== Instructions to follow ==
Only one stretch of the records below should be repeated. It starts with the line containing "- 6 red bell" and goes on through the line containing "Text: An inscription", exactly as written.

== Dataset ==
Start of Block

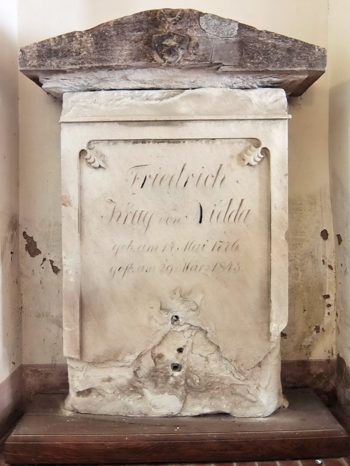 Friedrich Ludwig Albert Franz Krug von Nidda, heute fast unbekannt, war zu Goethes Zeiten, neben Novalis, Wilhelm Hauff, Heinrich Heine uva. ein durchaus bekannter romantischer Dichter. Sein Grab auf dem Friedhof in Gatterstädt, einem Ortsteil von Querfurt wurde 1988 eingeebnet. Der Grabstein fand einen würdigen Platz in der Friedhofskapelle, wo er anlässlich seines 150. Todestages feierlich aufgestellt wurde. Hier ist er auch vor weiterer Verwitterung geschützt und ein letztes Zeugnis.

End of Block
Start of Block

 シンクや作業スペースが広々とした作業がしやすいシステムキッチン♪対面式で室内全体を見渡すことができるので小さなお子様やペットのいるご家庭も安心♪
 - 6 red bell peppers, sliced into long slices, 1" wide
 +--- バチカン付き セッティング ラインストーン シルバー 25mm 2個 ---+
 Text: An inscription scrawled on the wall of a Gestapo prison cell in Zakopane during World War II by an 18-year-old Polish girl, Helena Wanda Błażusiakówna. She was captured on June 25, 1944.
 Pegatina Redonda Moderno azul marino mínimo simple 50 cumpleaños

End of Block
Start of Block

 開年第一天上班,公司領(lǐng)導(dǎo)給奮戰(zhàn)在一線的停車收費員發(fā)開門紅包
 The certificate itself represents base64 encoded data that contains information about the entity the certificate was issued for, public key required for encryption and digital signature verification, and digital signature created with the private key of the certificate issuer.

End of Block

== The completed task ==
 - 6 red bell peppers, sliced into long slices, 1" wide
 +--- バチカン付き セッティング ラインストーン シルバー 25mm 2個 ---+
 Text: An inscription scrawled on the wall of a Gestapo prison cell in Zakopane during World War II by an 18-year-old Polish girl, Helena Wanda Błażusiakówna. She was captured on June 25, 1944.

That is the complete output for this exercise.